Niamh barely blinked, submitting passively to his ministrations, but a solitary tear slid out of her eye and rolled down the side of her nose.

Having finished cleaning the wound, he put a small dressing over the cut and picked up the towel with the ice in. He went as if to hand it to her, but she didn't move, staring silently at him, an unreadable expression in her eyes. He hesitated, and then lifted the towel himself pressing it against her cheek. She winced slightly as the cold of the ice hit her skin and reached up placing her hand over his.

'I'm so sorry,' she whispered. 'I'm so sorry, but it's not what you think.'

Derry flinched.

'You don't have to apologise,' he said stiffly.

'What Marc said to you was a lie,' she continued, almost inaudibly. 'I'm not his girl. I hate him.'

Derry held his breath. This was not what he had expected.

'I mean, it is true, I did… we… we, you know,' she faltered, blushing and looking away.

Derry tried to remain impassive but inwardly his jealousy bristled.

'But it was just once, I swear,' she whispered.

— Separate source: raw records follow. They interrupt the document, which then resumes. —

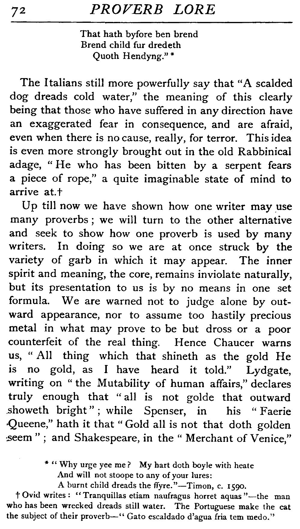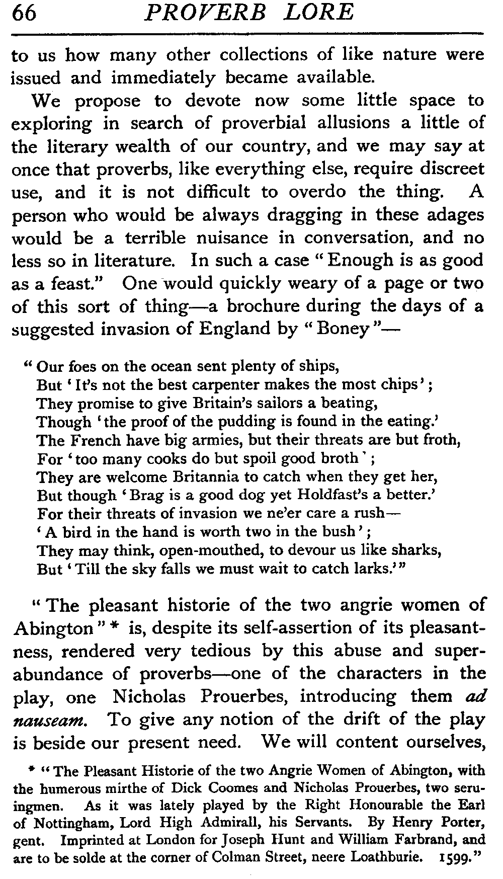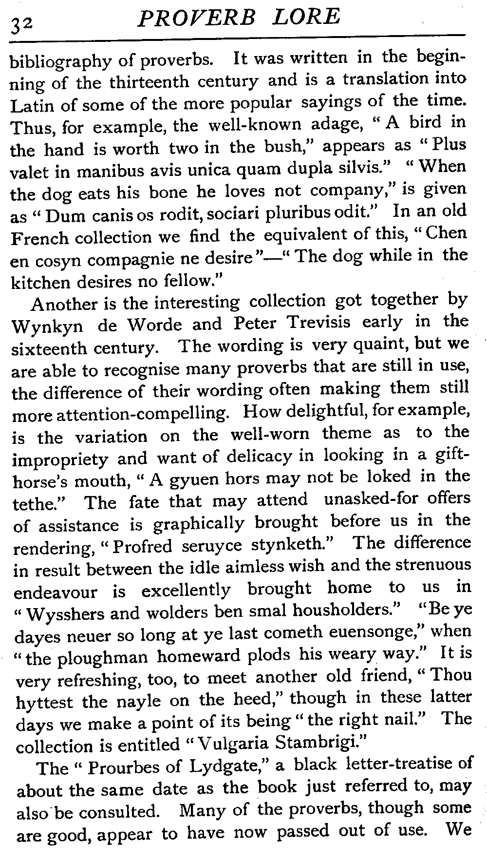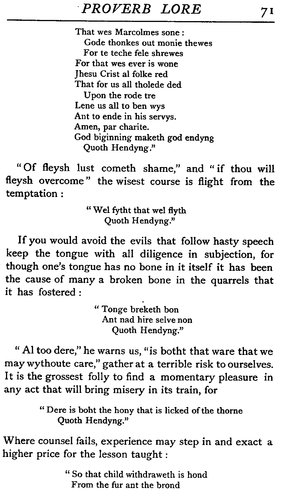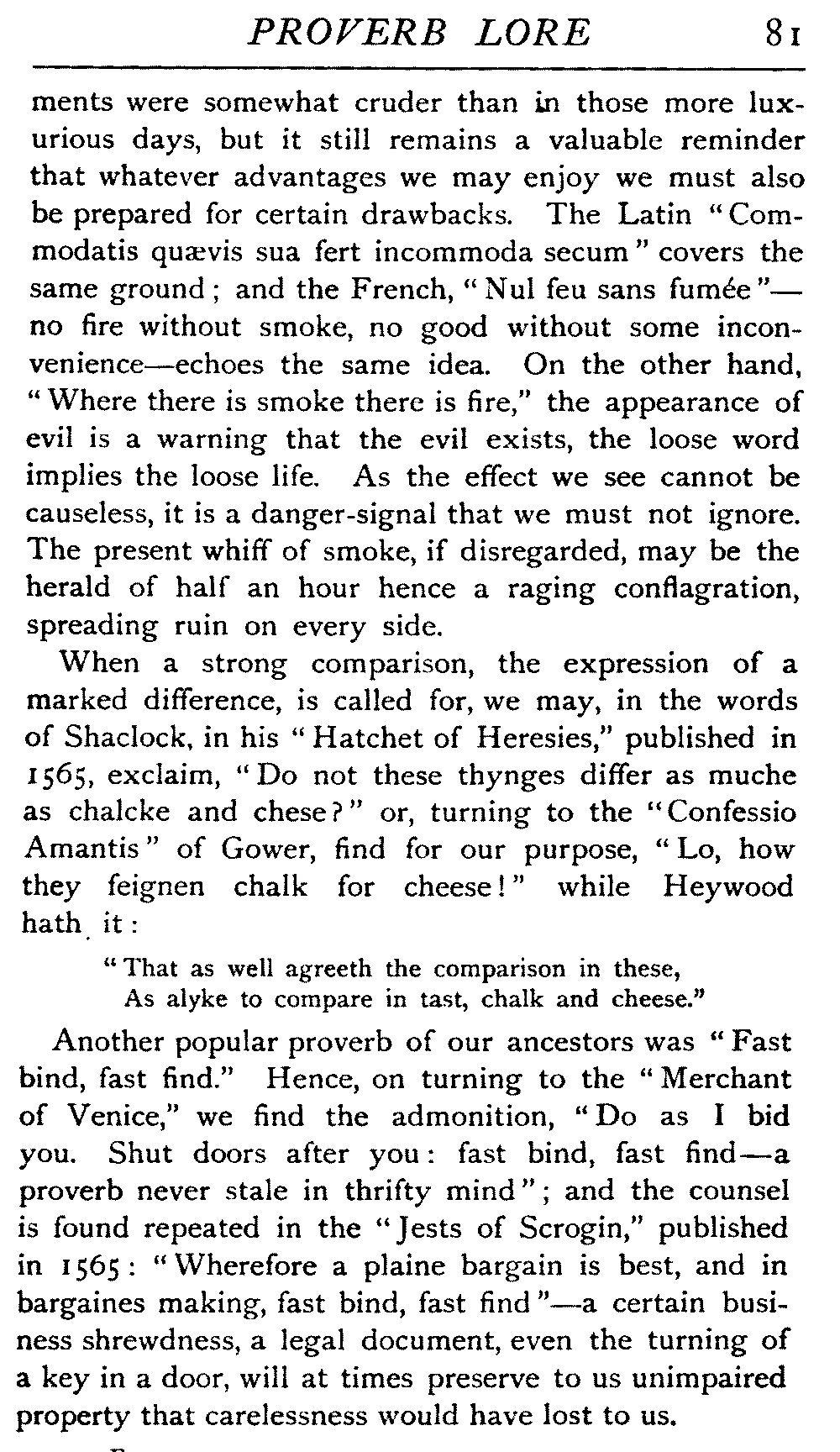 | "The Book of Merry Riddles"—Introduction of Proverbs in our Literature—A Surfeit of Proverbs—"The two Angrie Women of Abington"—Fuller on the Misuse of Proverbs—The Sayings of Hendyng—Proverbs in Works of Chaucer, Lydgate, Spenser, Dryden, Shakespeare, and other Writers—The "Imitation of Christ"—Glitter is not necessarily Gold—The Cup and the Lip—Comparisons odious—The Rolling-Stone—The "Vision of Piers Plowman"—Guelph and Ghibelline—Dwellers in Glass Houses—A Spade is a Spade—Chalk and Cheese—Silence gives Consent—A Nine Days' Wonder—The little Pot soon Hot—Weakest to the Wall—Proverb-Hunting through our old Literature | 65 |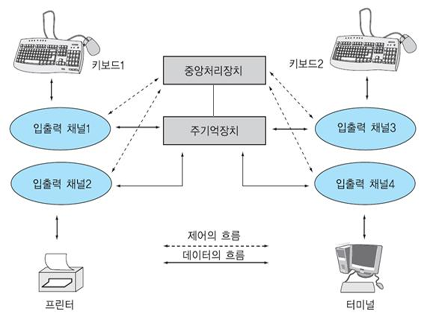 - 입출력 장치와 CPU 사이의 입출력 전담 처리기로 모든 입출력은 채널을 통하여 수행된다.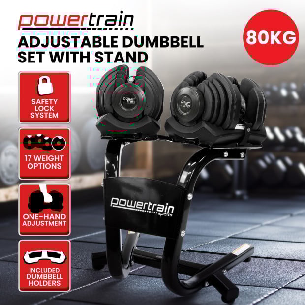 80kg dumbbell set by Powertrain - 2 x 40kg Adjustable plus stand

'You don't have to explain anything to me,' he said. 'It's none of my business.'

'Yes it is!' she cried, suddenly angry. 'Why can't you see that? The only reason I went to bed with that _prick_ is because of you! I hated it, I hated _him_ , but I was so lonely and you wouldn't even _look_ at me.'

Derry froze, stunned by her words. His heart was thudding in his chest and his throat felt dry. Why was she saying these things? What did she mean? He tried to pull his hand away from her face but she gripped it tightly, not letting go. She was still staring directly into his eyes, daring him to look away again.

Derry swallowed hard.

'I… I don't understand,' he said, aware how lame that sounded.

Niamh allowed him to lower his hand, letting the ice and the towel drop to the floor, but kept her hand on his.

'It has always been _you_ I wanted _,_ ' she said. 'Since the first day I walked through that door. But I never dared hope you might want me too until tonight.'

Derry lowered his gaze, unable to meet the unflinching honesty in her eyes, afraid his would betray too much of his own feelings.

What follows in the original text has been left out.